Rhodium catalysts have been enantioselectively converting alkenes with hydrogen (hydrogenation) for half a century. Many articles have been published about these types of catalysts and the underlying reaction mechanism, so one would expect a sophisticated understanding of these catalytic reactions. But there is still no simple way to quickly select the right ligands for your homogeneous catalyst when switching substrates. Adarsh Kalikadien, Evgeny Pidko and colleagues from TU Delft and Janssen Pharmaceutica wanted to see if they could develop a predictive model for this using machine learning, but the project turned out differently than expected.
“The idea wasn’t complicated,” says Kalikadian, a PhD student in the Bidco group. “We created a simple model of the reaction using the well-known rhodium catalyst. The goal was to create statistical models to predict which catalysts and ligands you could use, so that you needed less trial and error. They used different machine learning models on a set of computational data and high-throughput experiments that Jansen had done.
random
The team compared, among other things, the performance of these models. “We calculated all sorts of properties based on quantum chemistry — the most intensive and expensive calculations — and 2D cheminformatics as well as 2D representations,” says Kalikadin. These properties are different representations of the catalyst as seen by the model. As a test, they also added a random set, containing 34 random numbers between -100 and 100. “The strange thing is that all the simpler models, including the random model, performed the same as the expensive version; it turned out to be completely useless.”

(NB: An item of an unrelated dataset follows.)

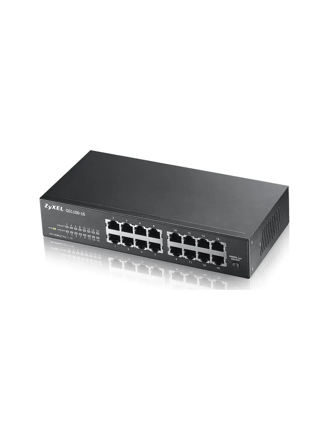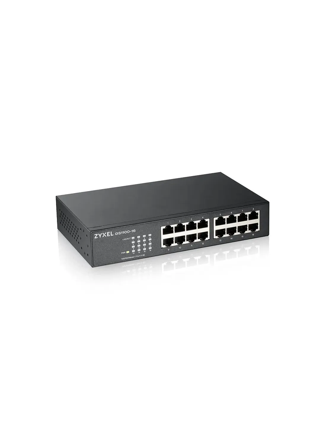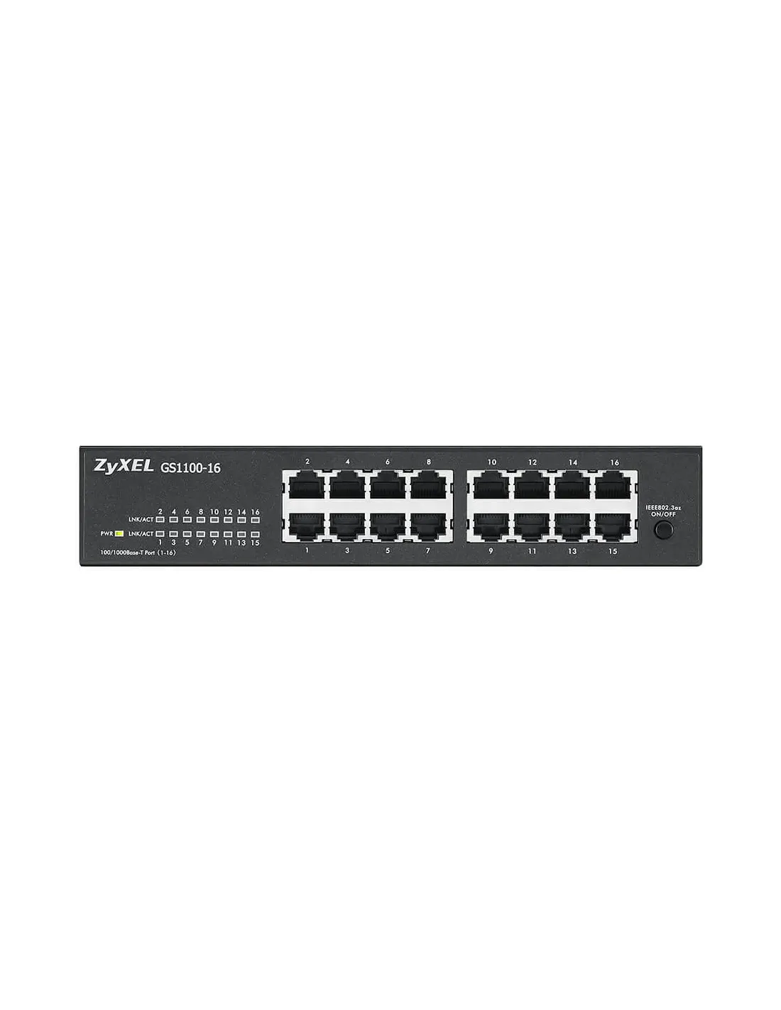 Zyxel GS1100-16. Tipo de interruptor: No administrado. Puertos tipo básico de conmutación RJ-45 Ethernet: Gigabit Ethernet (10/100/1000), Cantidad de puertos básicos de conmutación RJ-45 Ethernet: 16. Tabla de direcciones MAC: 8000 entradas, Capacidad de conmutación: 32 Gbit/s. Estándares de red: IEEE 802.1p, IEEE 802.3, IEEE 802.3ab, IEEE 802.3az, IEEE 802.3u, IEEE 802.3x, IEEE 802.3z. Montaje de pared, Montaje en rack

“We made everything open source.”
Something that wasn’t reflected in the paper, but affected the project, was simple. Censorship “On the computer, you can draw the 3D structure of the catalyst you’ve tested under certain conditions. You can then do DFT calculations on that and extract the properties,” says Kalikadin. “Now we used the CAS numbers of the bonds for this. But what we didn’t realize was that the CAS numbers and the drawings on the vials in the lab didn’t match our 3D structures.

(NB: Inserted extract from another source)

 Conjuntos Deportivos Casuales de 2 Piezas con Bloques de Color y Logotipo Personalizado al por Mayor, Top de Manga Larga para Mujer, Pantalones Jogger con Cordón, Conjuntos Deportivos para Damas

“We spent months discussing the properties with the team and making improvements, and in the end we got really good calculations at a high computational level,” the PhD student continues. But during one meeting it turned out that the computational structures did not point to the right ones. Identifiers For the experimental data! So we had to go through all these structures one by one to see where things went wrong. And when we processed the right molecules and created a new statistical model, we were surprised to find that we got almost the same results. So one conclusion was: This is why com.outdomain The modeling approach, it doesn’t matter what you put in it. It was an indication that the model didn’t learn much from the specific representation. “Looking back, we can laugh about it, but during the project it took some of my mental health,” he says with a laugh.
Evaluate
This was intended to be a simple project, but it didn’t go as planned. “I found a lot of the results a little disappointing,” Kalikadin admits. Still, the research—and especially the data it generated—was valuable, especially in light of the rise of machine learning. “That’s why we made everything open source. Not only can you view all the data, but we also provide the code, including packages and manuals, so that anyone who wants to do the same kind of research can do it.”

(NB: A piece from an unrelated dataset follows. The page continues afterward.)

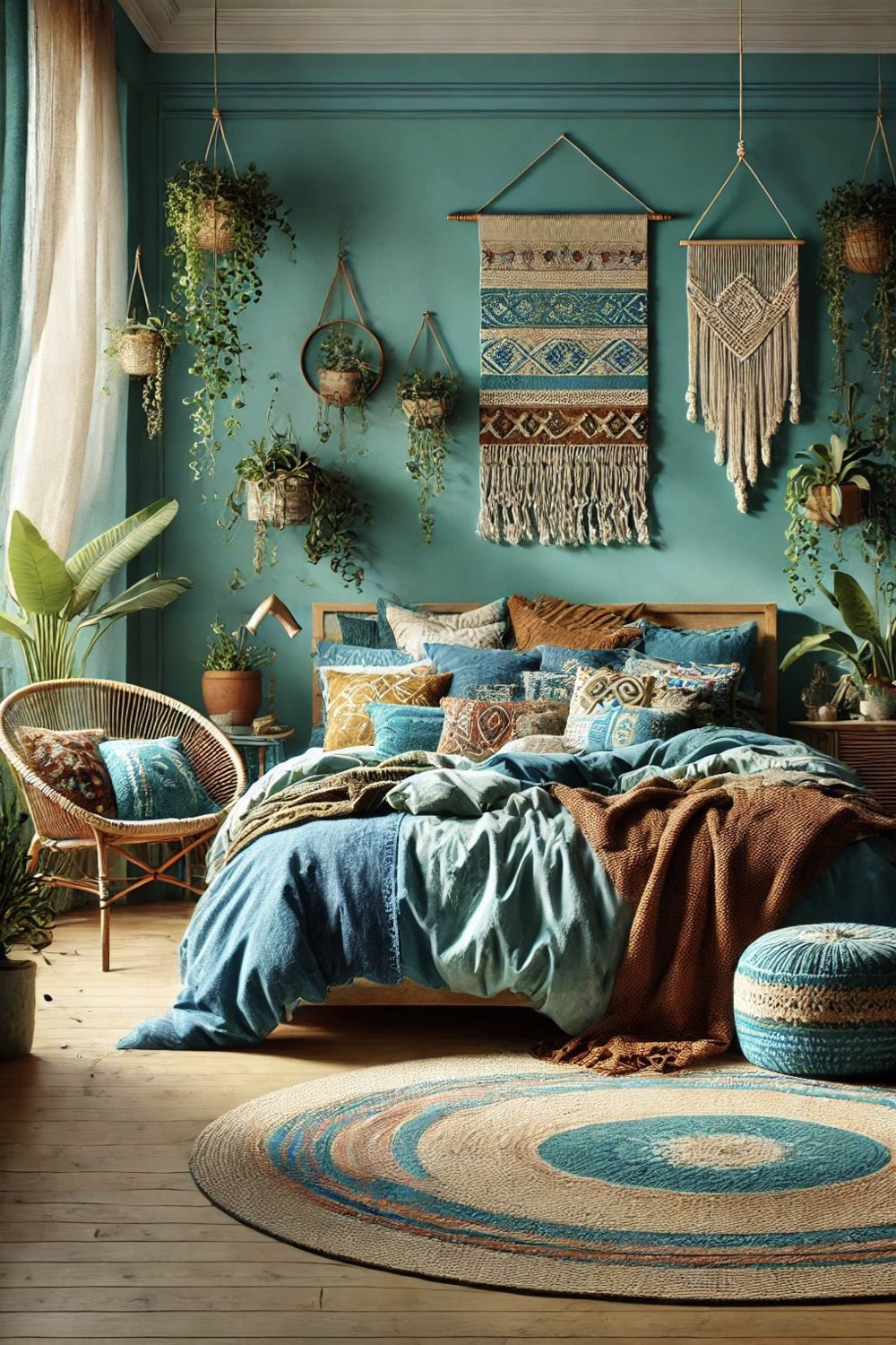 Bleu lagon et matériaux naturels pour une ambiance chaleureuse chez soi

So they published one of the largest datasets for a particular type of hydrogenation reaction. “Publishing was still a challenge. It was a very in-depth study of how machine learning works in chemistry and not all the conclusions were positive. This led to a high-profile journal rejecting the paper because they felt ‘it didn’t belong here.’ Fortunately, it stood up.” Chemical Sciences More open to it, so we can post our data, codes and even interactive numbers there.
meaningful
What now? “Our representation wasn’t as meaningful as we had hoped, so we’re now looking for a representation of the catalyst that’s maybe a little less simplistic, but still as simple as possible,” says Kalikadian. “You also want to keep the costs from getting too high, so we’re trying to incorporate more information about the reaction mechanism into the model without making it too broad. So a dynamic version of the representation.
Kalikadin, AV et al (2024) Chemistry. Science fiction.Digital ID: 10.1039/D4SC03647F
More Stories
Which can cause an increase in nitrogen.
The Central State Real Estate Agency has no additional space to accommodate Ukrainians.
The oystercatcher, the “unlucky national bird,” is increasingly breeding on rooftops.